*** Opening PROVIDED MATERIAL ***

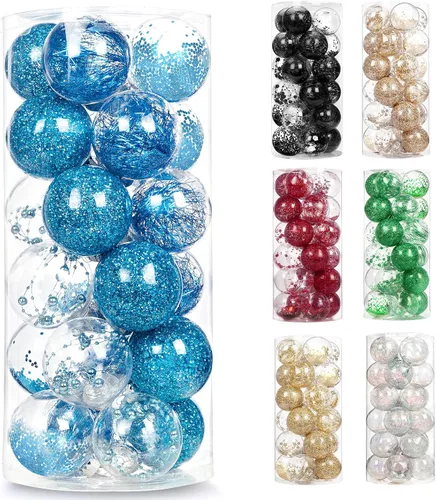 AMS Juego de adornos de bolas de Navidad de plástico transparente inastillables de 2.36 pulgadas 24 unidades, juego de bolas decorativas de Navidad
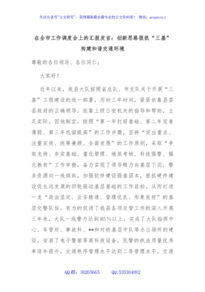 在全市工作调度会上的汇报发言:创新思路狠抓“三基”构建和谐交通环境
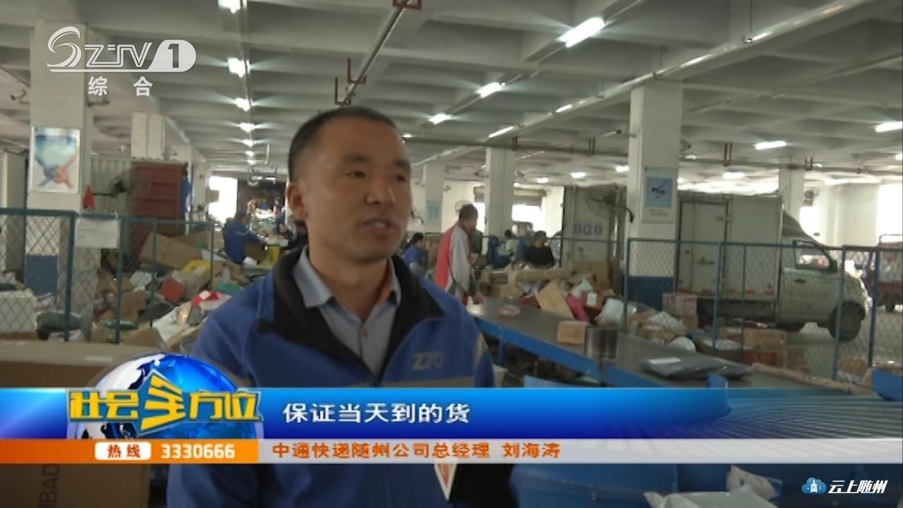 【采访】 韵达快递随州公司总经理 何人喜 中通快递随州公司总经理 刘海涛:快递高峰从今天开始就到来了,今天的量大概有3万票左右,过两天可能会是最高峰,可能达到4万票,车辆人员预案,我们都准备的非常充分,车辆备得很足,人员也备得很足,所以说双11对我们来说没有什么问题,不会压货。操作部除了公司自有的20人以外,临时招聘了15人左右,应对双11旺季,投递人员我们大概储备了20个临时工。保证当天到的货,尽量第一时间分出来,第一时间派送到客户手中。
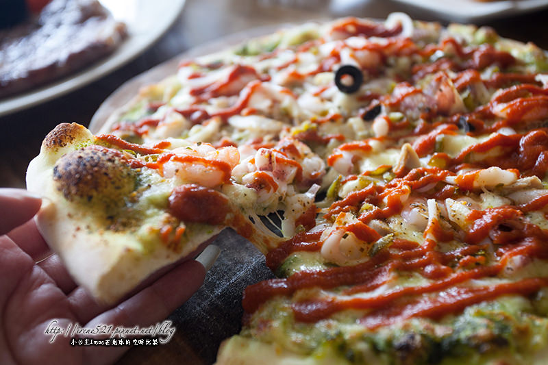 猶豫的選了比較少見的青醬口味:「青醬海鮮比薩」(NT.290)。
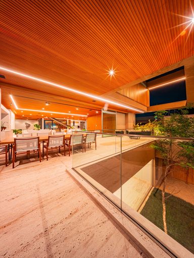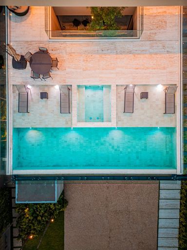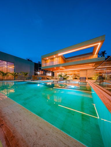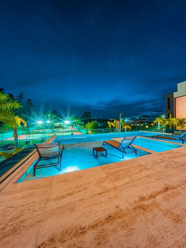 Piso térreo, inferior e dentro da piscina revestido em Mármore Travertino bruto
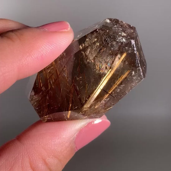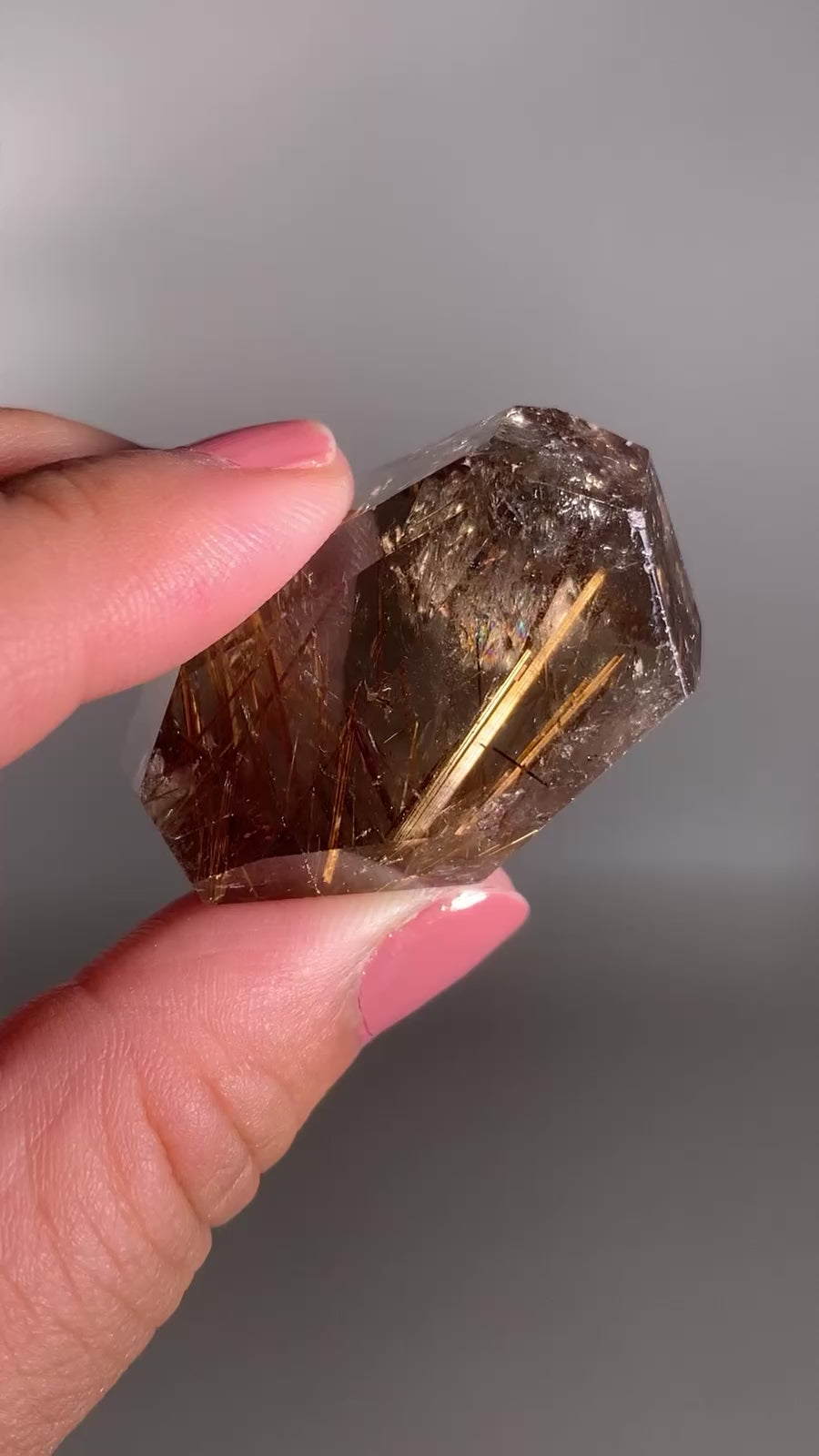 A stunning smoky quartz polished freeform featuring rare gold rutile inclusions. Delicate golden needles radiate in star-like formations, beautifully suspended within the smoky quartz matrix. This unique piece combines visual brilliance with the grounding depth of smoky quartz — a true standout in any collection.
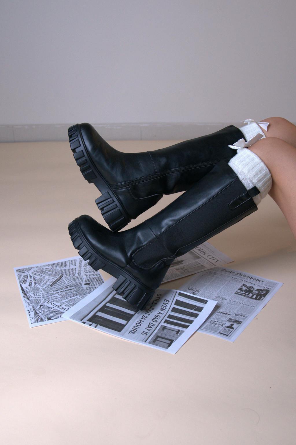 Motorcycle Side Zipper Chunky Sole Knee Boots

*** Closing PROVIDED MATERIAL ***
*** Opening PROVIDED MATERIAL ***

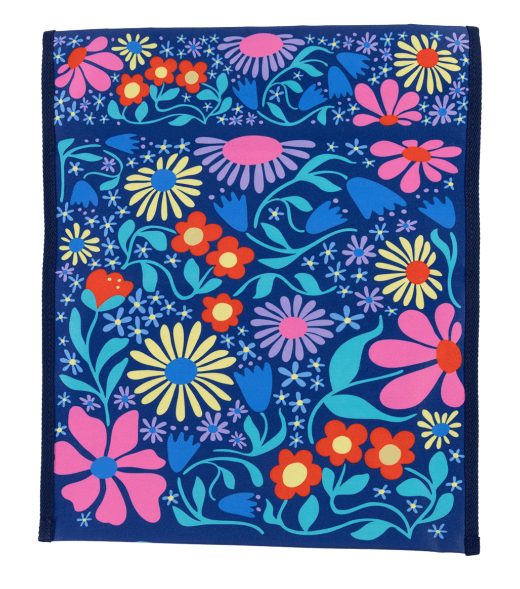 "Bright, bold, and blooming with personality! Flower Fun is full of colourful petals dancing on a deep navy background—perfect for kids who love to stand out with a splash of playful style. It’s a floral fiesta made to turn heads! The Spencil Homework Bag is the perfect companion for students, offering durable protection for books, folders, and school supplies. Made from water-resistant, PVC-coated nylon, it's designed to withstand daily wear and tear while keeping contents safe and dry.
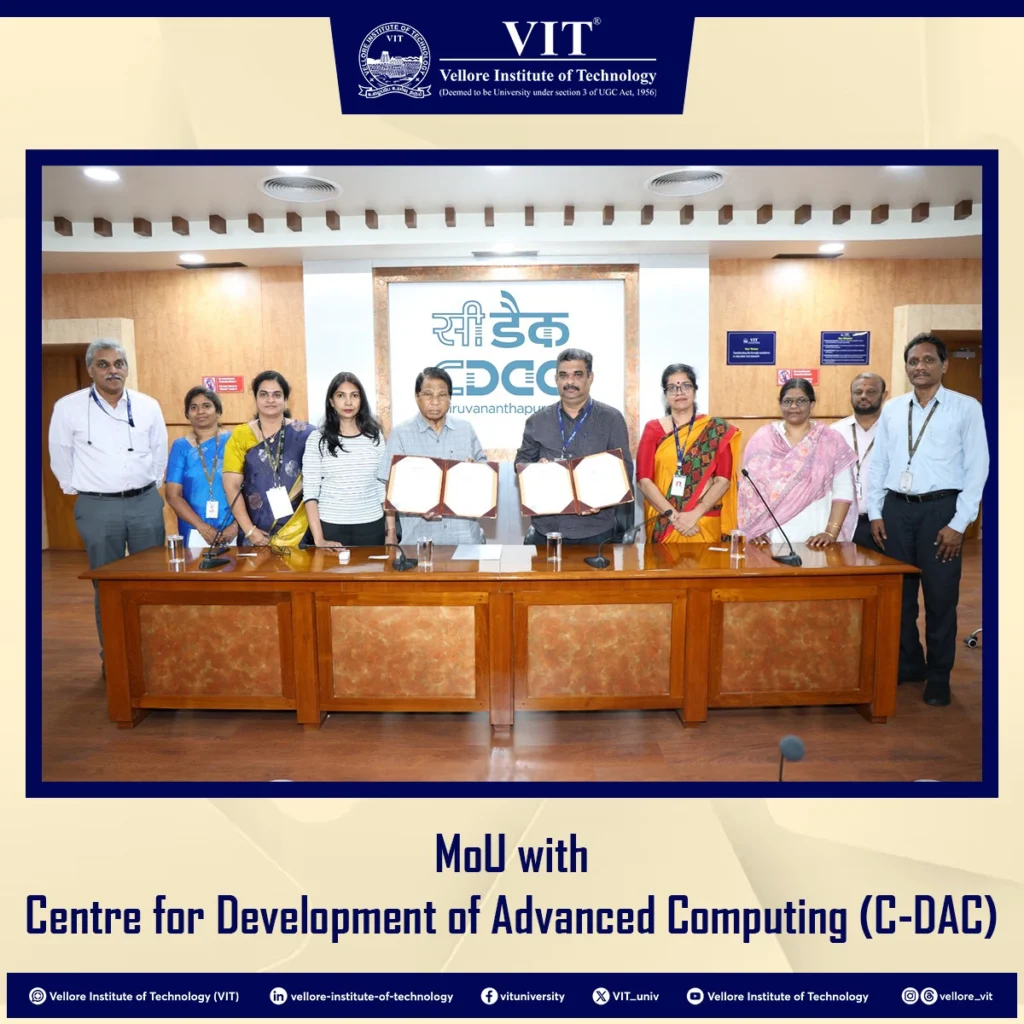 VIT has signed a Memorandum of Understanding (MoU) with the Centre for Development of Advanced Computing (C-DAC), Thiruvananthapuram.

*** Closing PROVIDED MATERIAL ***
*** Opening PROVIDED MATERIAL ***

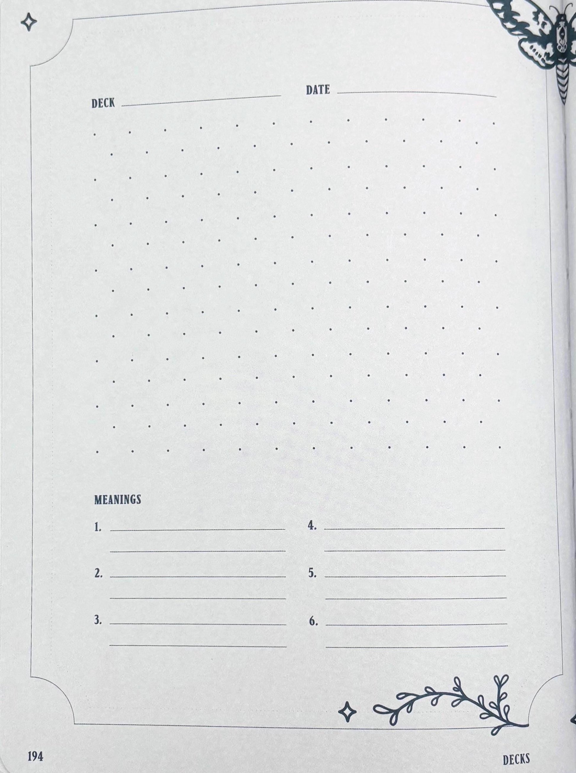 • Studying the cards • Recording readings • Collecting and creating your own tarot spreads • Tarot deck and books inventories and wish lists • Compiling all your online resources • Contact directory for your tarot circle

*** Closing PROVIDED MATERIAL ***

TASK DIRECTIONS: Pictures excluded, give again exactly and only the lines of the material above from the line with "AMS Juego de" through the line with "Motorcycle Side Zipper".

OUTPUT FOR THIS TASK:
 AMS Juego de adornos de bolas de Navidad de plástico transparente inastillables de 2.36 pulgadas 24 unidades, juego de bolas decorativas de Navidad
 在全市工作调度会上的汇报发言:创新思路狠抓“三基”构建和谐交通环境
 【采访】 韵达快递随州公司总经理 何人喜 中通快递随州公司总经理 刘海涛:快递高峰从今天开始就到来了,今天的量大概有3万票左右,过两天可能会是最高峰,可能达到4万票,车辆人员预案,我们都准备的非常充分,车辆备得很足,人员也备得很足,所以说双11对我们来说没有什么问题,不会压货。操作部除了公司自有的20人以外,临时招聘了15人左右,应对双11旺季,投递人员我们大概储备了20个临时工。保证当天到的货,尽量第一时间分出来,第一时间派送到客户手中。
 猶豫的選了比較少見的青醬口味:「青醬海鮮比薩」(NT.290)。
 Piso térreo, inferior e dentro da piscina revestido em Mármore Travertino bruto
 A stunning smoky quartz polished freeform featuring rare gold rutile inclusions. Delicate golden needles radiate in star-like formations, beautifully suspended within the smoky quartz matrix. This unique piece combines visual brilliance with the grounding depth of smoky quartz — a true standout in any collection.
 Motorcycle Side Zipper Chunky Sole Knee Boots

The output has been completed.